Exercise requirements:
Give the data again exactly as written, without any of its pictures.

*** Raw data ***

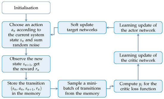 The Deep Deterministic Policy Gradient (DDPG) is a model-free, off-policy, actor–critic algorithm that exploits deep neural networks to learn control strategies in high-dimensional, continuous action domains. This means that the DDPG operates without a predefined model of the environment (model-free), learns a target policy different from the one used to generate behaviour of the actor (off-policy), and relies on the interplay between two neural networks typically referred to as the actor and the critic. The DDPG combines ideas the from Deep Q-learning method [27], which is restricted to discrete action spaces, and the Deterministic Policy Gradient (DPG) method [20], which performs well generally but struggles with more complex control challenges. A summary of the algorithmic flow of the DDPG is presented in Figure 3.
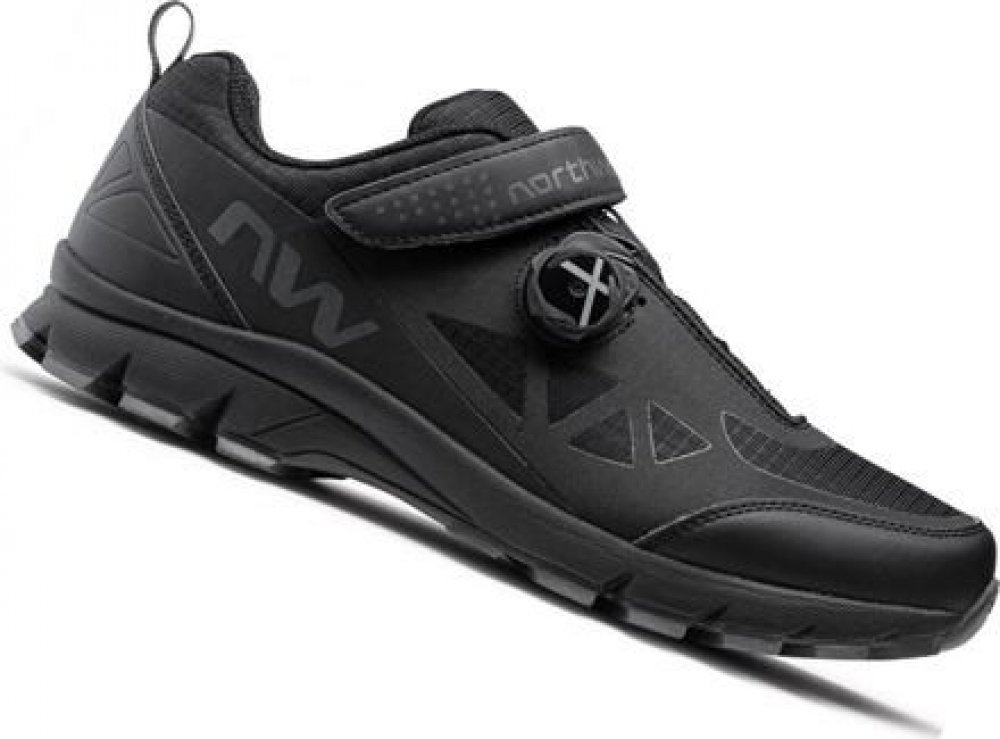 Northwave Corsair využijí zejména allmountain cyklisté, kteří se nebojí i náročnějších terénů. Tento typ boty s nízkou hmotností nabízí přilnavou podrážku, díky které bota výborně drží na pedálu a nemusíte se ani bát v extrémním terénu sesednout a kolo tlačit. Pokořte náročný terén na kole i pěšky Podrážka Damp Lite vyčnívá velmi nízkou hmotností zajištěnou použitím EVA materiálu. Přirodní gumu doplňuje vzorek inspirovaný pneumatikami na off-road, takže tretry nabídnou mimořádnou přilnavost a trakci i v nejsložitějších podmínkách. Kalibrovaná tuhost umožní v tretrách nejen jezdit na kole, ale také vyrazit na pěší túry. Připravte se na rychlý start Rychloupínací systém S.L.W. 2 spočívá ve stisknutí postranního knoflíku, který tretru buď upevní, nebo naopak bleskově rozváže. Kolečko se dočkalo přepracování a nyní je mnohem tenčí a lehčí, takže vás nijak nelimituje při jízdě. Naopak botu jen nazujete a bez delšího zdržování můžete vyrazit na cestu. Promyšlené maličkosti Díky lehké horní části a poutkům z měkkého materiálu vás nebude nic tlačit ani při pevně utažených botách. Rychloupínání doplňuje pásek na suchý zip. Boty tak dokonale sedí na noze. K ochraně vašich nohou při jízdě v terénu přispívají zesílená pata a špička. Nesporné výhody cyklistických treter Použití systému spd (tzv. nášlapy) vám přinese efektivnější šlapání díky možnosti táhnout nohou i směrem vzhůru a přesné nastavení polohy nohy na šlapátkách. Boty vám tak nebudou ze šlapátka ujíždět a vy se můžete soustředit pouze na svou trasu.
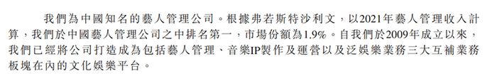 根据招股书,乐华娱乐的主营业务包括艺人管理、音乐IP制作及运营、泛娱乐业务三个板块。资料显示,以2021年艺人管理收入计算,乐华娱乐在中国艺人管理公司中排名第一,市场份额为1.9%。
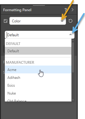 - With the Formatting panel open, select Color from the drop-down menu (orange arrow below), then select the series whose color you want to change from the next drop-down menu (blue arrow):
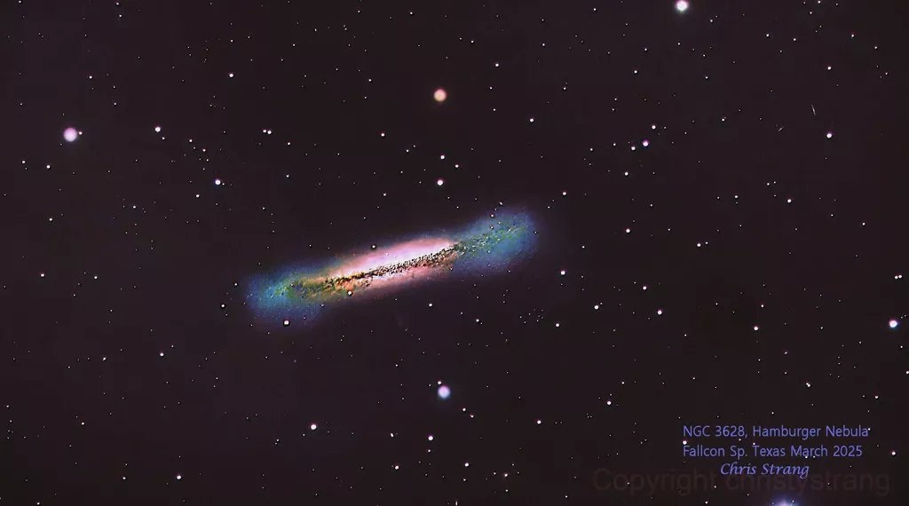 Галактика NGC 3628 На этом снимке запечатлена удивительная галактика NGC 3628, также известная как "Гамбургер" из-за своего необычного вида. Она относится к спиральным галактикам и расположена в созвездии Льва, примерно в 35 миллионах световых лет от Земли. Галактика видна с ребра, поэтому её диск кажется тонкой полосой, пересечённой тёмными линиями пылевых облаков, придающими ей сходство с космическим бутербродом. По краям заметны слабые звёздные рукава, а вокруг — рассеянное свечение из звёзд и межзвёздного газа. Фото передаёт завораживающую красоту и масштабы Вселенной, напоминая, что даже в глубинах космоса можно найти нечто знакомое — например, гигантский "галактический гамбургер".
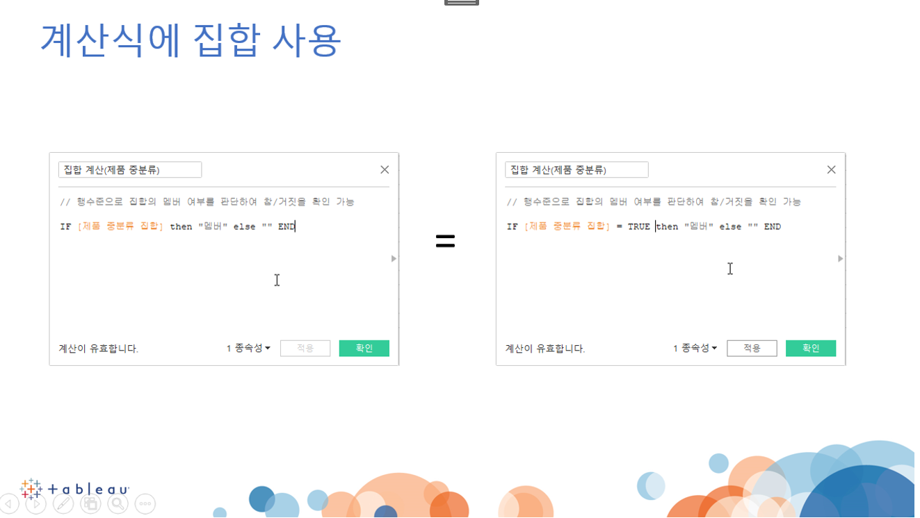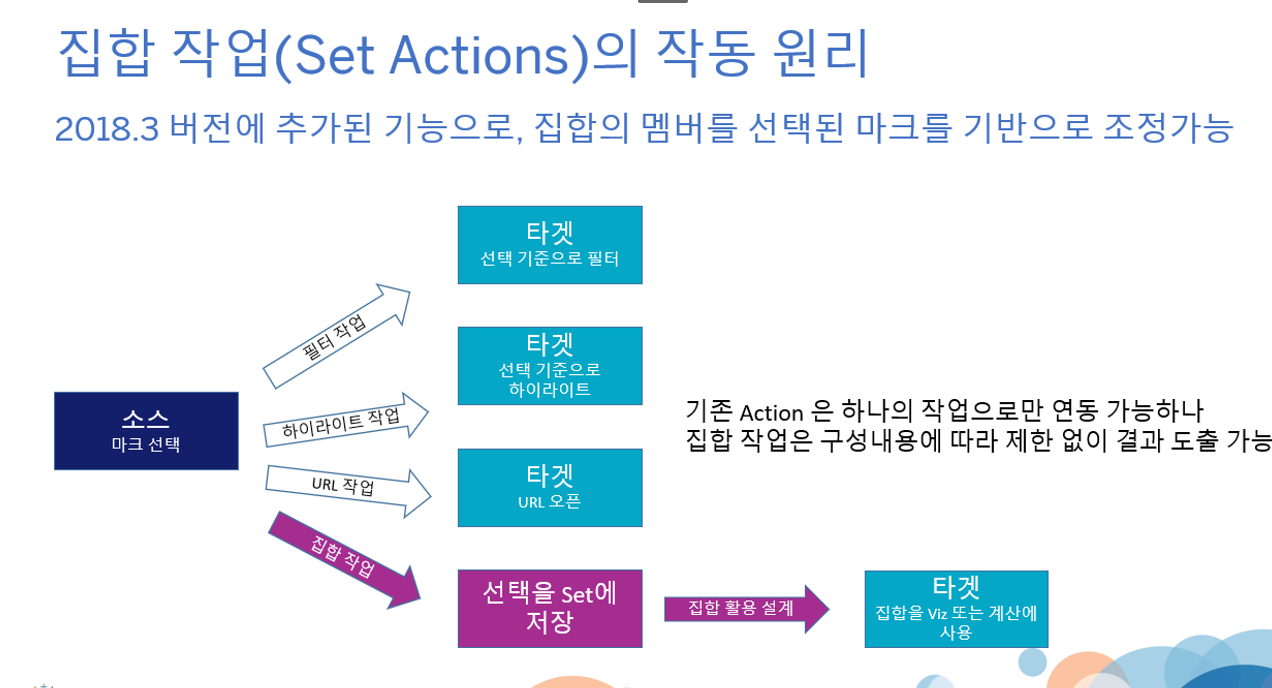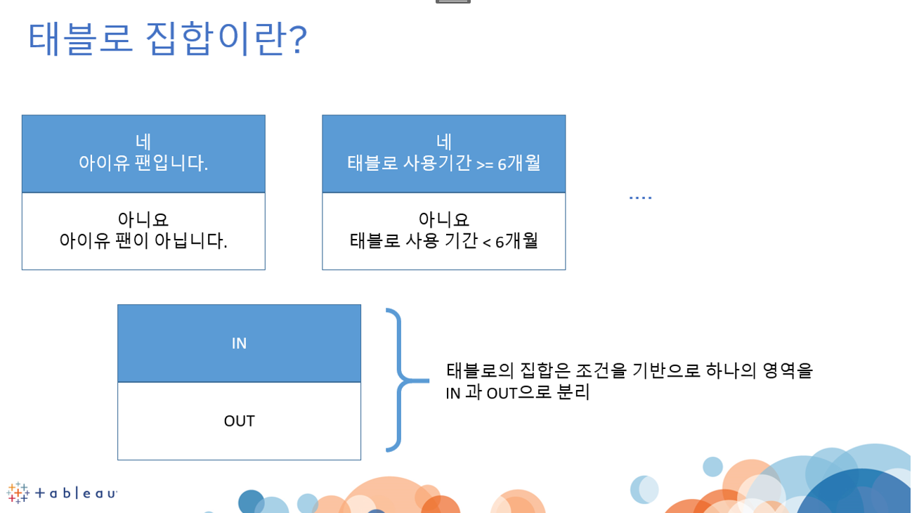 필터는 해당하는 것만 구분하는 거라면, 집합은 조건에 해당하지 않는 것도 분석에 쓸 수 있음.

*** End of Raw data ***

Solution to this problem:
 The Deep Deterministic Policy Gradient (DDPG) is a model-free, off-policy, actor–critic algorithm that exploits deep neural networks to learn control strategies in high-dimensional, continuous action domains. This means that the DDPG operates without a predefined model of the environment (model-free), learns a target policy different from the one used to generate behaviour of the actor (off-policy), and relies on the interplay between two neural networks typically referred to as the actor and the critic. The DDPG combines ideas the from Deep Q-learning method [27], which is restricted to discrete action spaces, and the Deterministic Policy Gradient (DPG) method [20], which performs well generally but struggles with more complex control challenges. A summary of the algorithmic flow of the DDPG is presented in Figure 3.
 Northwave Corsair využijí zejména allmountain cyklisté, kteří se nebojí i náročnějších terénů. Tento typ boty s nízkou hmotností nabízí přilnavou podrážku, díky které bota výborně drží na pedálu a nemusíte se ani bát v extrémním terénu sesednout a kolo tlačit. Pokořte náročný terén na kole i pěšky Podrážka Damp Lite vyčnívá velmi nízkou hmotností zajištěnou použitím EVA materiálu. Přirodní gumu doplňuje vzorek inspirovaný pneumatikami na off-road, takže tretry nabídnou mimořádnou přilnavost a trakci i v nejsložitějších podmínkách. Kalibrovaná tuhost umožní v tretrách nejen jezdit na kole, ale také vyrazit na pěší túry. Připravte se na rychlý start Rychloupínací systém S.L.W. 2 spočívá ve stisknutí postranního knoflíku, který tretru buď upevní, nebo naopak bleskově rozváže. Kolečko se dočkalo přepracování a nyní je mnohem tenčí a lehčí, takže vás nijak nelimituje při jízdě. Naopak botu jen nazujete a bez delšího zdržování můžete vyrazit na cestu. Promyšlené maličkosti Díky lehké horní části a poutkům z měkkého materiálu vás nebude nic tlačit ani při pevně utažených botách. Rychloupínání doplňuje pásek na suchý zip. Boty tak dokonale sedí na noze. K ochraně vašich nohou při jízdě v terénu přispívají zesílená pata a špička. Nesporné výhody cyklistických treter Použití systému spd (tzv. nášlapy) vám přinese efektivnější šlapání díky možnosti táhnout nohou i směrem vzhůru a přesné nastavení polohy nohy na šlapátkách. Boty vám tak nebudou ze šlapátka ujíždět a vy se můžete soustředit pouze na svou trasu.
 根据招股书,乐华娱乐的主营业务包括艺人管理、音乐IP制作及运营、泛娱乐业务三个板块。资料显示,以2021年艺人管理收入计算,乐华娱乐在中国艺人管理公司中排名第一,市场份额为1.9%。
 - With the Formatting panel open, select Color from the drop-down menu (orange arrow below), then select the series whose color you want to change from the next drop-down menu (blue arrow):
 Галактика NGC 3628 На этом снимке запечатлена удивительная галактика NGC 3628, также известная как "Гамбургер" из-за своего необычного вида. Она относится к спиральным галактикам и расположена в созвездии Льва, примерно в 35 миллионах световых лет от Земли. Галактика видна с ребра, поэтому её диск кажется тонкой полосой, пересечённой тёмными линиями пылевых облаков, придающими ей сходство с космическим бутербродом. По краям заметны слабые звёздные рукава, а вокруг — рассеянное свечение из звёзд и межзвёздного газа. Фото передаёт завораживающую красоту и масштабы Вселенной, напоминая, что даже в глубинах космоса можно найти нечто знакомое — например, гигантский "галактический гамбургер".
 필터는 해당하는 것만 구분하는 거라면, 집합은 조건에 해당하지 않는 것도 분석에 쓸 수 있음.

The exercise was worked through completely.